To save lives and raise awareness of this serious health issue, the American Heart Association launched Go Red For Women, making the red dress an iconic symbol in the battle against heart disease in women.
National Wear Red Day – the first Friday each February – brings attention to this silent killer of women.
That day, people are encourage to wear red, raise their voices, know their cardiovascular risk and take action to live longer, healthier lives.
The Springs Memorial Hospital family observed National Wear Red Day on Friday, Feb. 7, to encouraged its staff and volunteers to recognize the signs and symptoms of heart disease in women.
The most common heart attack symptom in women is some type of pain, pressure or discomfort in the chest.
But it’s not always severe or even the most prominent symptom, particularly in women.
Women are more likely than men to have heart attack symptoms unrelated to chest pain, such as:
• Neck, shoulder, upper back or abdominal discomfort
• Shortness of breath
• Nausea or vomiting
• Lightheadedness or dizziness
• Unusual fatigue
These symptoms are more subtle than the obvious crushing chest pain often associated with heart attacks. This may be because women tend to have blockages not only in their main arteries, but also in the smaller arteries that supply blood to the heart – a condition called small vessel heart disease or microvascular disease.
Many women tend to show up in emergency rooms after much heart damage has already occurred because their symptoms are not those typically associated with a heart attack.
If you experience these symptoms or think you're having a heart attack, call 911 immediately
Decade of success
Since the first National Wear Red Day in 2003, tremendous strides have been made in the fight against heart disease in women. Research and education about healthy lifestyle changes have led to 34 percent fewer women dying from heart disease, which is saving 330 lives every day.
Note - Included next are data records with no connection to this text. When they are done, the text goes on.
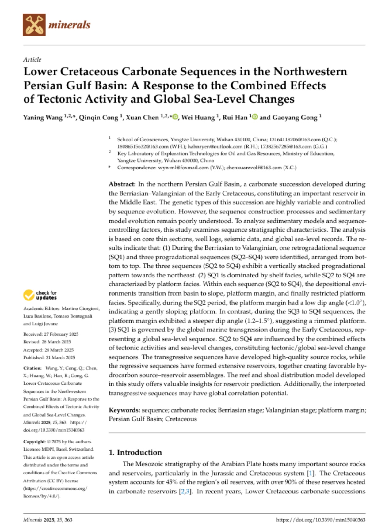 地科公司王雅宁副教授在《Minerals》上发表题为“Lower Cretaceous Carbonate Sequences in the Northwestern Persian Gulf Basin: A Response to the Combined Effects of Tectonic Activity and Global Sea-Level Changes”的研究论文。英国365集团公司官网为论文第一署名单位,王雅宁副教授为第一作者,研究生从琴琴为第二作者。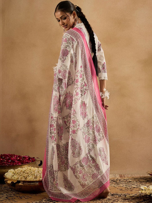 Dhiyona IE Floral Printed Pure Cotton Kurta With Trouser & Dupatta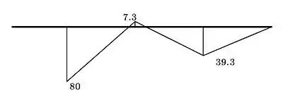 Складываем (по точкам) эпюры от нагрузки (рис. 3) и от моментов (рис. 4). Получаем эпюру моментов в балке (рис. 5).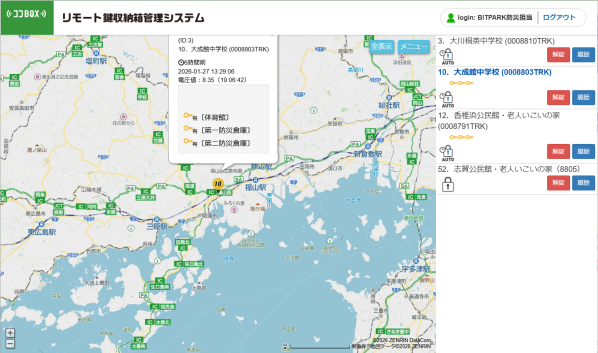 自社プロダクトである防災ソリューションの製品「ココBOXII」の紹介では、学生たちが通う大成館中学校が避難所となっている想定のもと、デモンステレーションを行いました。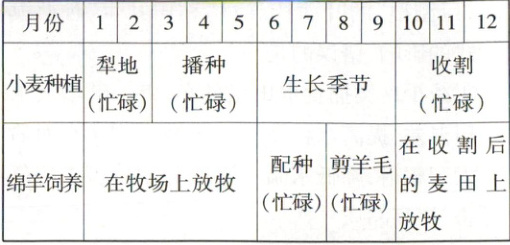 [2022·陕西西安高一期末] 澳大利亚地广人稀,700 多万平方千米的国土只有 2000 多万人口,是世界上主要的小麦和羊毛出口国,题图示意澳大利亚某农场用地布局,题表示意该农场农时安排。据此完成 22、23 题。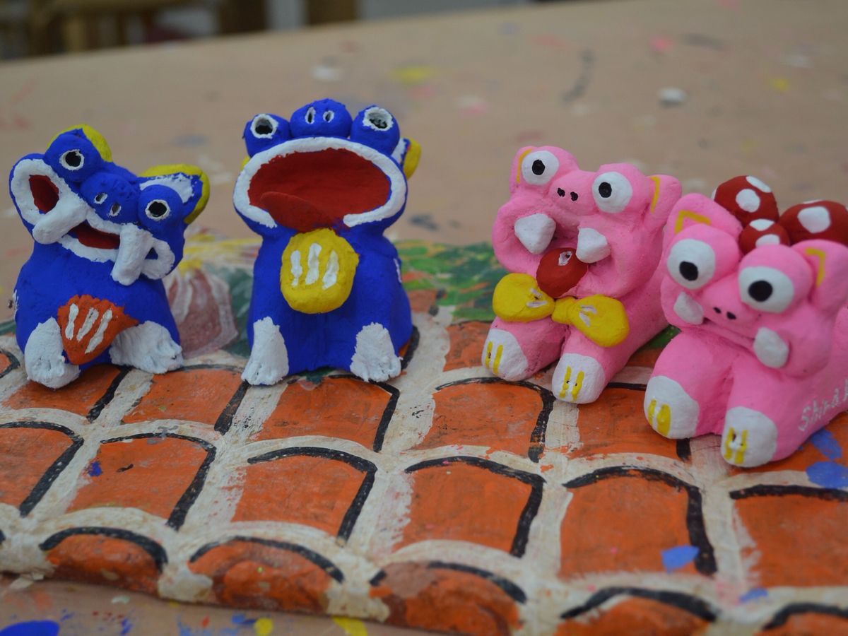 形作りから絵付けまでだったので、どうなるのか不安でしたが、なんかわたち親子らしいペアのシーサーになりました。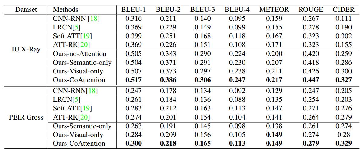 表 1. 模型在 IU X-Ray 数据集(上半 部分)上生成段落的主要结果,以及在 PEIR Gross 数据集(下半部分)上生成单语句的结果。BLUE-n 表示最多使用 n-grams 的 BLUE 分值。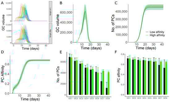 Simulation of late GCs with high affinity founder cells. (A) Volume kinetics of simulated GCs. GCs were initialized asynchronously and color code represents the timing of GC initiation. (B) Total volume of all GCs. (C) Plasma cell production from all GCs. (D) Affinity of plasma cells from all GCs. Readouts in B-D represent the sum of corresponding readouts of all simulated GCs weighted by the number of non-explicitly simulated GCs in each case. (E) Number of plasma cells produced from individual GCs. (F) Affinity of plasma cells from individual GCs. GCs 1–8 were sorted in the sequence of initiation. Inset in panel C applies for panels (B–F). In simulations labelled “Low affinity”, founder cells of GCs 1–8 were chosen randomly, and in “High affinity”, founder cells of GC7 and GC8 were chosen at a distance of 2 mutations from the optimal shape space position (3333). Strong GC–GC interaction strength (see methods) was considered in these simulations.
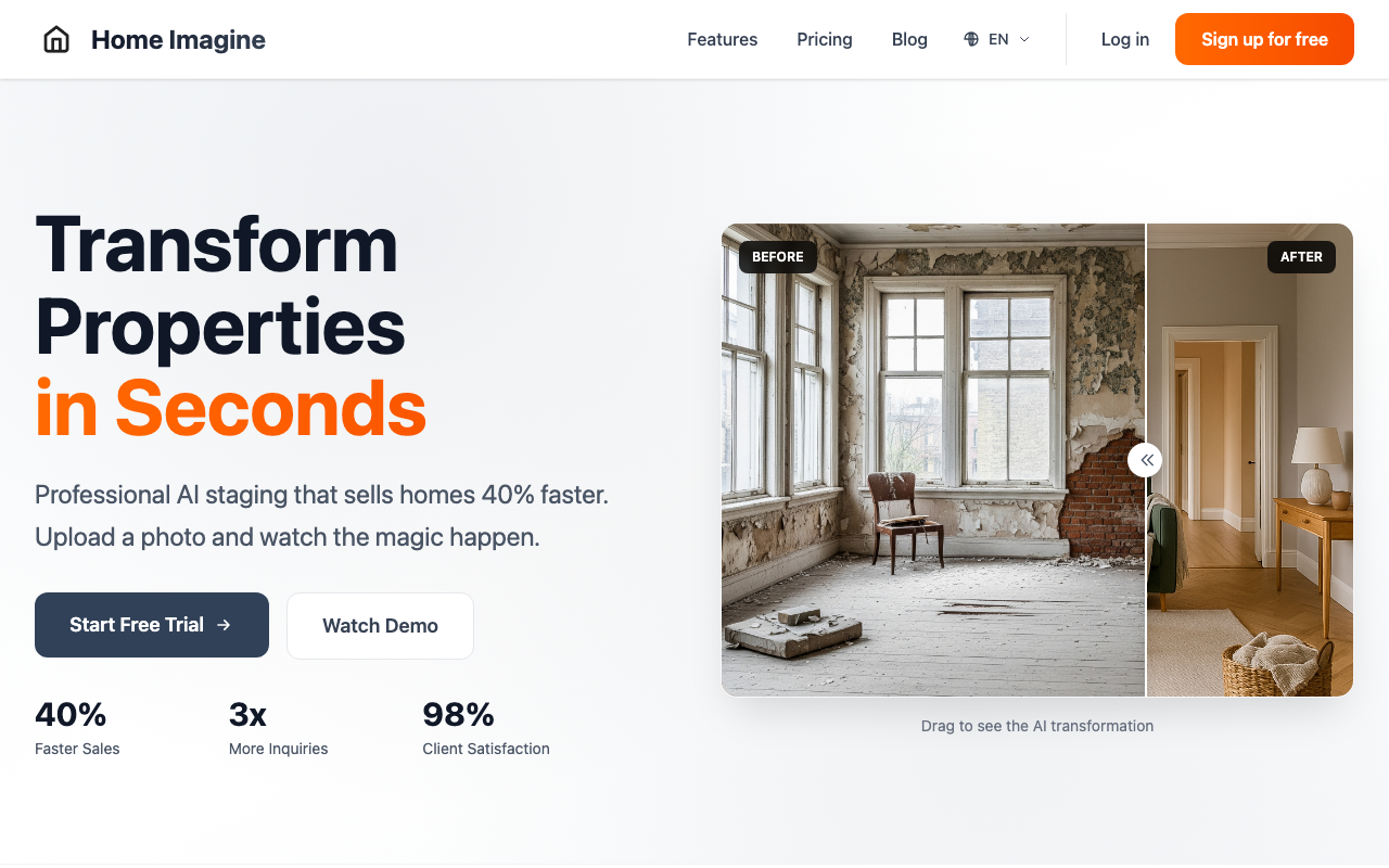 Home-Imagine es una plataforma de IA enfocada en home staging e interiorismo. Permite subir la foto de una habitación, elegir un estilo y obtener una propuesta visual renovada en segundos, con resultados fotorrealistas y pensados para presentación comercial.

More women are taking ownership of their health by developing healthy lifestyles:
• An estimated 37 percent of women are losing weight
• Forty-three percent are checking their cholesterol
• More than 50 percent of women exercise more
• Sixty percent have improved their diets
• More than 33 percent of women have developed heart health plans with their doctor.
Awareness is also risen, with 23 percent more Americans now realizing heart disease is the No. 1 killer of women. Awareness among minorities is up, doubling among Hispanic women and tripling among Black women.
Also, 15 percent of women have quit smoking, and high cholesterol has declined by 18 percent.